Dengan nomor Kontrak : HK.02.01/05BWS.5.11.1/SNVT.PJPA.WS-BH.RA/2025 Tanggal. Kontrak : 06.Nopember 2025 s.d 31 Maret 2026 Sumber Dana: APBN Nilai Kontrak: Rp 76.130.630.000.00. Waktu Pelaksanaan: 146 (Seratus Empat Puluh Enam Hari) Kalender Tanpa Konsultan Kontraktor: PT. Brantas Abipraya (Persero).
Proyek tersebut kata Almar Juan Pasaribu, SH selakua penggiat anti korupsi Front Aliansi Rakyat Anti KKN kepada wartawan (06/05/2026) material pemasangan dranase irigasi sepanjang nagari batu panjang Kec. Pancung Soal Kabupaten Pesisir Selatan oleh rekanan BWSS V Padang memakai adukan material tidak sebanding, seperti lebih dominan banyak pasir dari pada semen, sementara oknum kontraktor menggunakan semen merk merdeka saat itu, sementara kita sudah memproduksi semen padang (lokal) tentu harga ini lebih jauh lebih murah, dan kualitasnya tidak sama ujar Almar Juan saat menunjukkan photo dokumen bertanggal.
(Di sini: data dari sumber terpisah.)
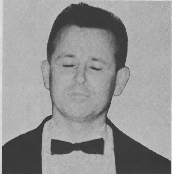
Photograph taken 1968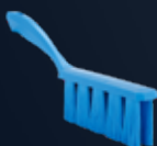
UST Bench Brush, Soft Art. no: 4581x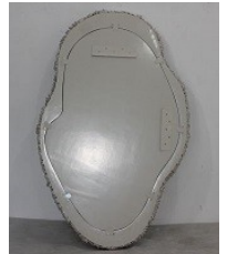
Back view of wall decor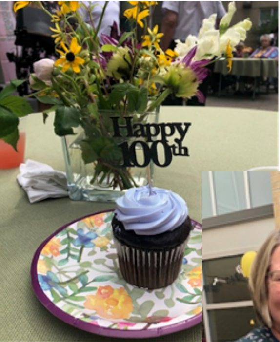
Congratulations on your 100th Birthday!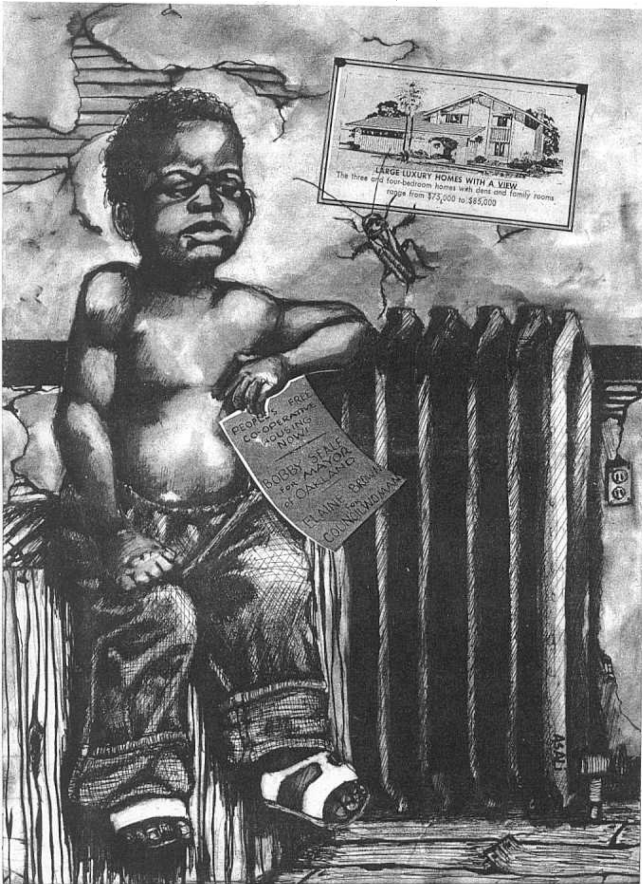
MIXED MEDIA: PENCIL, PEN, AND INK WASH

Sambungnya lagi, (Almar Juan) kita akan segera Surati Kejaksaan Tinggi Sumatera Barat dan Kementerian PU agar mengkroscek kelapangan dan melihat kualitas dan kuantitas pekerjaan rekanan BWSS V Padang material yang di pakai, dan kita minta minta kepada penyidik segera periksa oknum PPK dan Satker yang terkait proyek tersebut, ini adalah Intruksi Presiden (Inpres) Tahap Ke III untuk 14 Kab./Kota Sesumbar dan percepatan saluran irigasi bagi masyarakat petani bebernya.
Pekerjaan DI BWSS V Padang ini di satuan Satker Pengelolaan Jaringan Perpipaan Air (PJPA) eks. Saat ini PJ Balai.
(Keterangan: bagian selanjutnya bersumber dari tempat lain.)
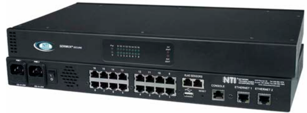
SERIMUX-S-16DP (Front & Back)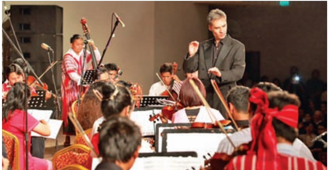
Orchestra for Myanmar seen in a practising session.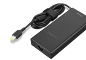
Lenovo 245W AC Adapter (Slim tip)-EU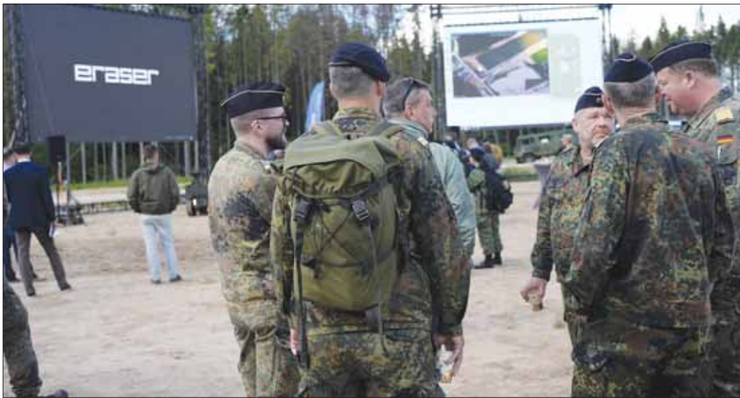
German Army servicemen attend Nato Innovation Range demo day in Latvia yesterday.

Dengan bukti dokumentasi di lapangan dan photo visual yang kami miliki, kita akan laporkan kepada Kejaksaan Tinggi Sumatera Barat dan Kementerian PU, kita lihat begronnya pak menteri Dody Anggodo orangnya sangat tegas kepada bawahannya.
Sementara awak media bertanya kepada PPK BWSS V Padang Eka Hendra Putra, saat di tanya ia mengatakan itu bukan proyek saya, kami ada tiga PPK di situ (Pessel) dan itu proyek inpres ucapnya via WhatsAppnya kemarin.